前回の記事の末尾で予告したとおり、今回は綾辻行人『十角館の殺人』や有栖川有栖『孤島パズル』の英訳版を刊行したアメリカの出版社「Locked Room International」について紹介するが、その前に現在書店に並んでいる講談社『IN☆POCKET』2016年9月号(9月15日発売)の紹介をさせていただきたい。

◆『IN☆POCKET』2016年9月号について

 『IN☆POCKET』2016年9月号の巻頭特集は「東野圭吾は海外でも大人気! 加賀恭一郎、NYへ行く。」と銘打たれており、英語圏での評価を中心に、東野作品の海外での受容について取り上げている。主なコンテンツは以下のとおりである。

  • 東野作品の英訳者であるアレクサンダー・O・スミス氏へのインタビュー
  • アメリカ、韓国、中国、台湾の東野作品担当編集者(あるいは出版責任者)へのQ&A
  • 英米の書評の抜粋紹介
  • 文藝春秋の海外版権担当者に聞く『容疑者Xの献身』エドガー賞ノミネート(2012年)前後のエピソード
  • 各国版の装幀比べ

 アメリカの編集者への質問、「日本の東野圭吾ファンの読者にオススメする、アメリカの作家を教えてください」に対する回答などは、国内ミステリーファンにも翻訳ミステリーファンにも非常に興味深いのではないだろうか。なんと答えているかは、ぜひ現物を入手して確認していただきたい。(あと、実は拙稿も載っております。『IN☆POCKET』公式サイトで冒頭が読めます。)
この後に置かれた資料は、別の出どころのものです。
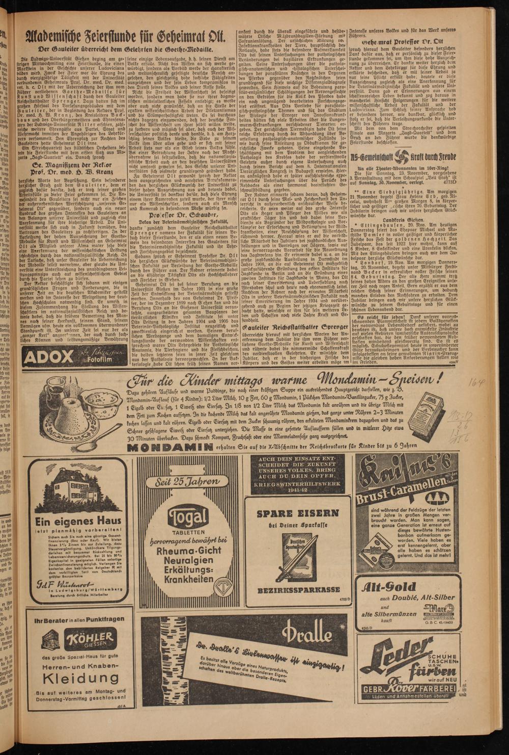 Fiihyer verliehenen Goethe-Medaille für Kun st und Wissenschaft durch den Gauleiter Reichsstatthalter Sprenger. Dazu hatten sich im großen Hörsaal des Dorlesungsgebäudes mit dem Gauleiter, der in Begleitung des Rektors Prof. Dr. med. H. W. Kranz, des Kreisleiters Backhaus und des Oberbürgermeisters und Ehrensena- türs der Ludwigs-Universität Ritter erschien, zahl- reicke weitere Ehrengäste aus Partei, Staat und Wehrmacht inmitten der Angehörigen des Lehrkörpers versammelt. Den Ehrenplatz zur Rechten des Gauleiters hatte Geheimrat O l t inne.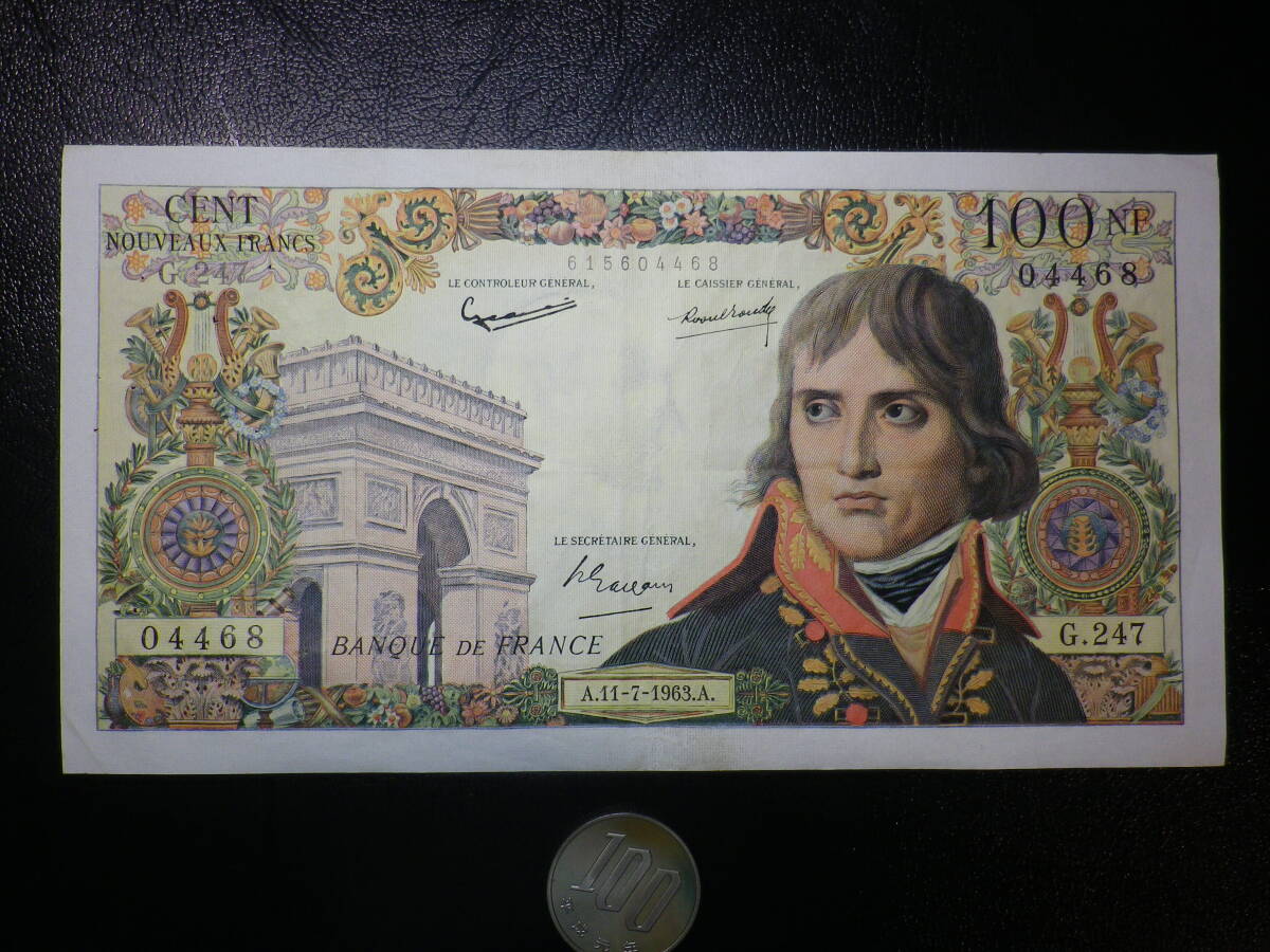 フランス 1963年 ボナパルト(ナポレオン)100新フラン 美品+ p-144a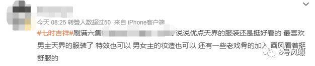 再加上此前《七时吉祥》许多路透非常出圈,从预告片中的服化道、场景布置、特效等来看,制作也不是粗制滥造,所以开播后热度一路水涨船高。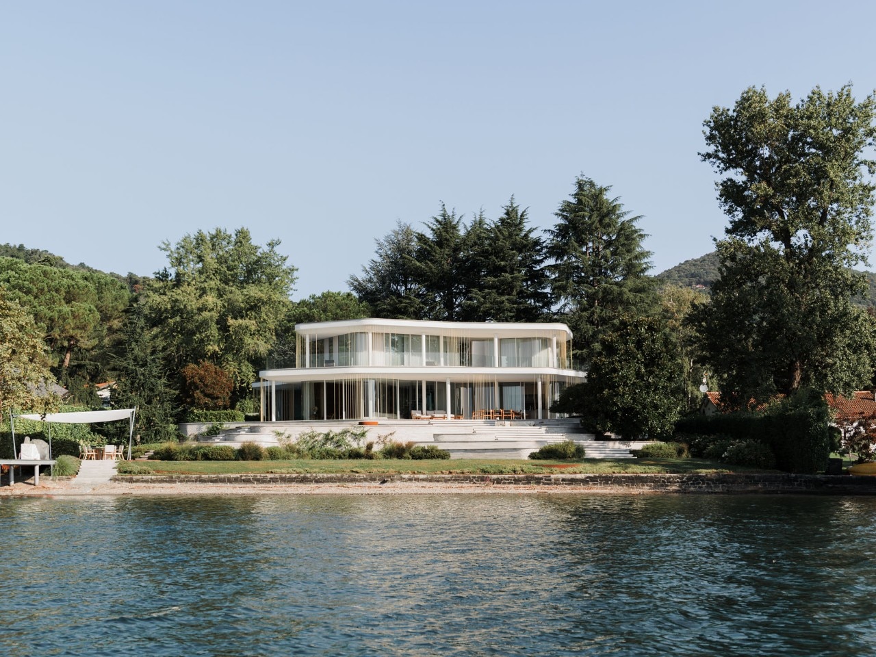 The two-storey building is characterised by a cruciform layout around a two-level central courtyard. The ground floor houses a living room with a breathtaking view of the lake, a kitchen, a study and guest rooms: the punctiform structure allows a free and flexible floor plan, thanks to which the common areas are in a reciprocal perceptive and functional relationship. The upper floor, accessed by an aerial staircase, includes the private rooms with related services and loggias with translucent glass parapets that project the living space outwards.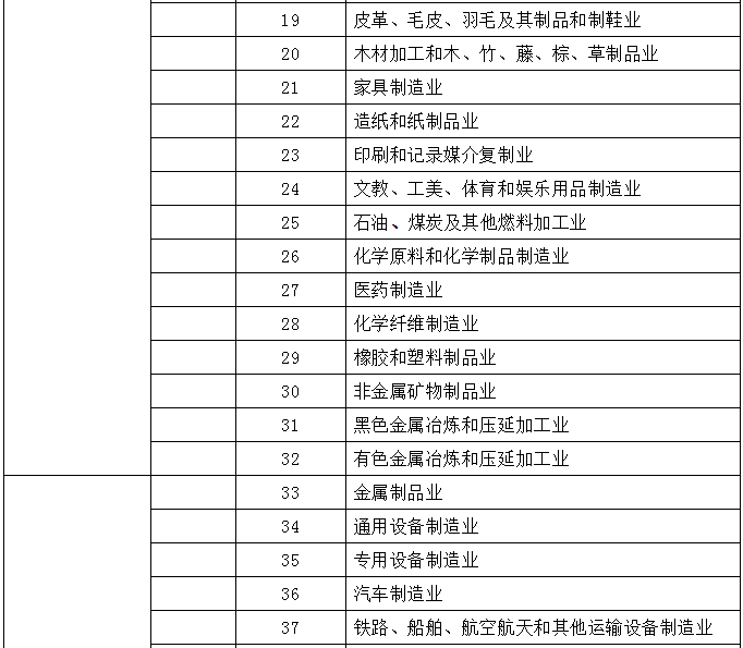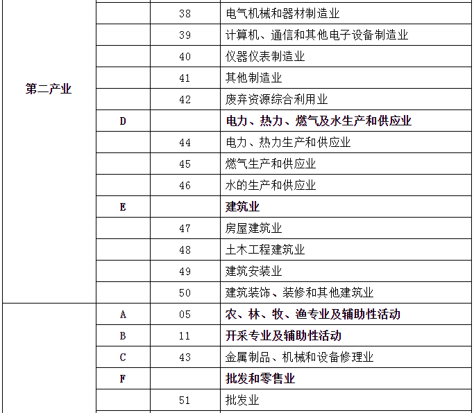 由上表可知,第二产业大致包含四大行业,即采矿业(B)、制造业(C)、电热气水生产和供应业(D)、建筑业(E)。为什么讲大致呢?因为,采矿业中的“开采专业及辅助性活动”(11大类)、制造业中的“金属制品、机械和设备修理业”(43大类)属于第三产业,而不是第二产业。尽管如此,由于43大类占比较小,还是可以认为制造业是第二产业的子集。那工业又指的是什么呢?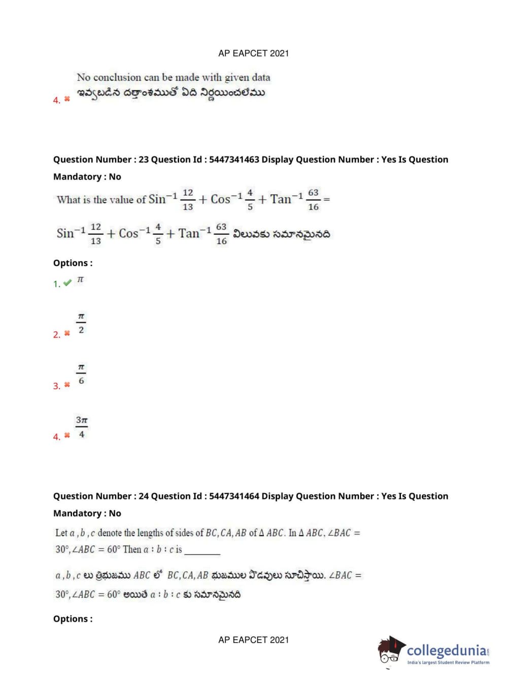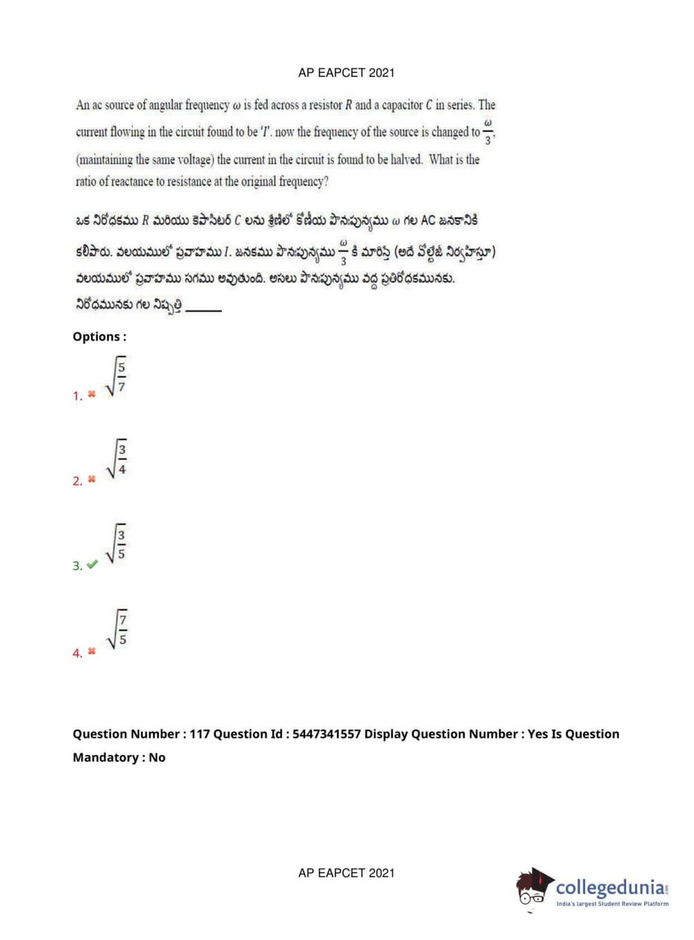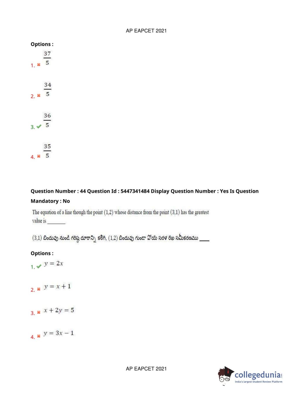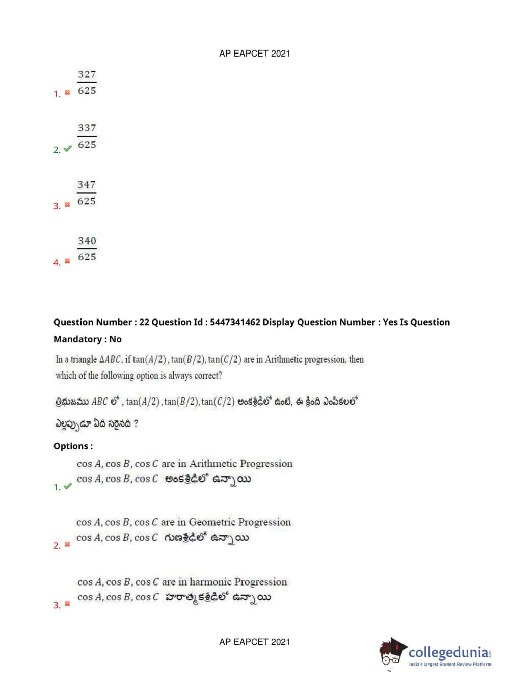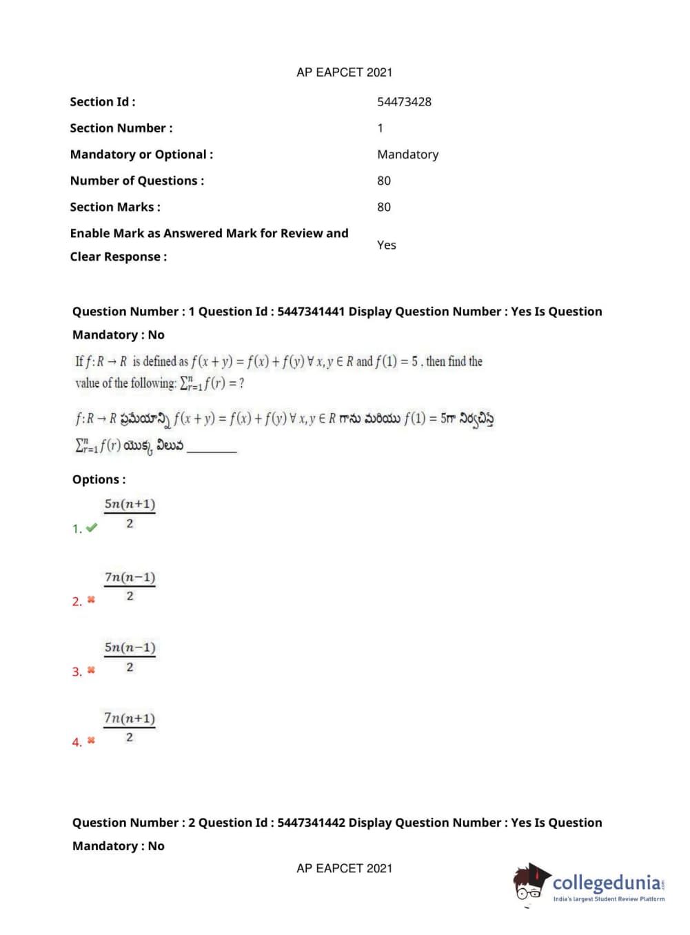 AP EAPCET 2021 Engineering Question Paper with Answer Key PDFs Afternoon Session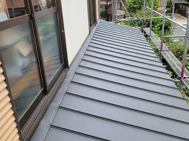 日進市の金属屋根による下屋根葺き替え工事、雨漏り対策に効果が高い立平葺きで施工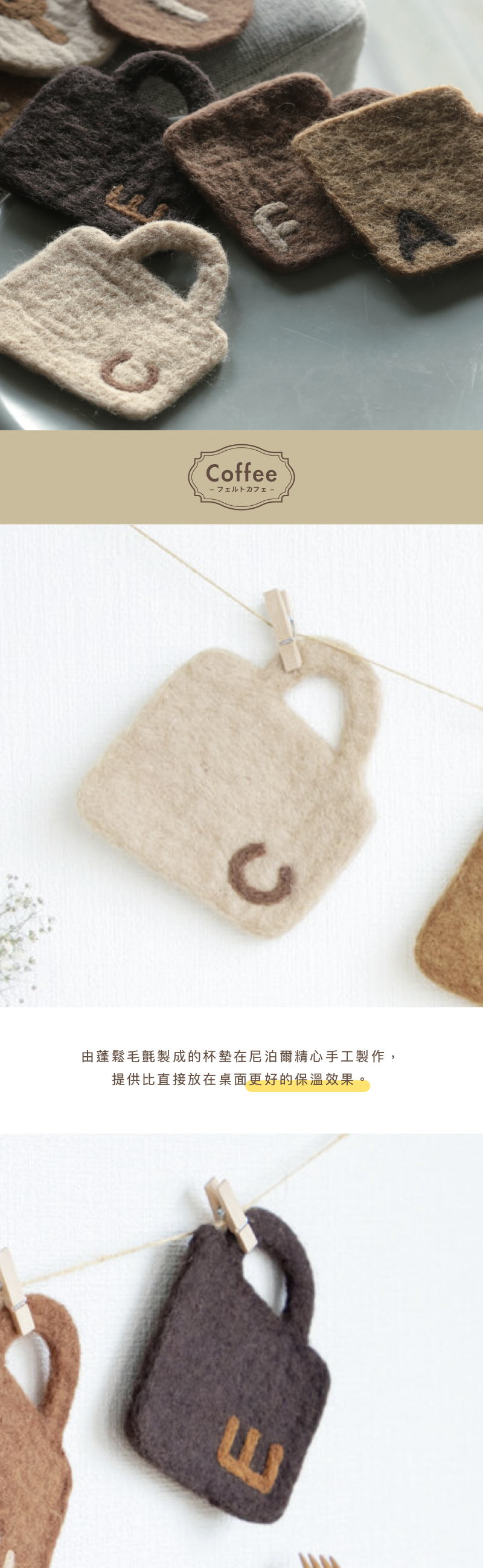 在尼泊爾精心手工製作的蓬鬆毛氈製成的杯墊,提供比直接放在桌面更好的保溫效果。

 『IN☆POCKET』でインタビューに答えている日英翻訳家のアレクサンダー・O・スミス氏は、現在までに英訳されている東野圭吾の6作品のうち、『秘密』を除く5作品を訳した方である(ガリレオシリーズの『容疑者Xの献身』『聖女の救済』『真夏の方程式』/加賀恭一郎シリーズの『悪意』/ノンシリーズ作品の『白夜行』)。インタビューの中では、翻訳の際にどのような工夫を凝らしているかといった話題も面白いが、日本語英訳者になったきっかけなどスミス氏自身のエピソードもなかなか興味深い。

 スミス氏は東野作品のほか、小説では栗本薫《グイン・サーガ》、小野不由美《十二国記》、京極夏彦『姑獲鳥の夏』、光瀬龍『百億の昼と千億の夜』、宮部みゆき『ブレイブ・ストーリー』(全米図書館協会バチェルダー賞受賞)、伊藤計劃『ハーモニー』(フィリップ・K・ディック賞特別賞受賞)などを英訳している。また、漫画では鳥山明『Dr.スランプ』、西義之『ムヒョとロージーの魔法律相談事務所』、上条明峰『SAMURAI DEEPER KYO』など、ゲームではファイナルファンタジーシリーズ『タクティクスオウガ』『逆転裁判 蘇る逆転』『逆転裁判4』などを英訳(ローカライズ)している。

 スミス氏は2012年、ほかの日英翻訳家らとともに「Bento Books」という出版社を立ち上げている。先月、この出版社からは森晶麿『黒猫の遊歩あるいは美学講義』(第1回アガサ・クリスティー賞受賞作)の英訳版が刊行された(訳者は連載第2回で京極夏彦『巷説百物語』等の英訳者として紹介したイアン・M・マクドナルド氏)。スミス氏自身は現在は皆川博子『開かせていただき光栄です』を英訳中であり、Bento Booksから刊行の予定である。Bento Booksの出版活動については、次回以降の記事で改めて詳しく紹介する。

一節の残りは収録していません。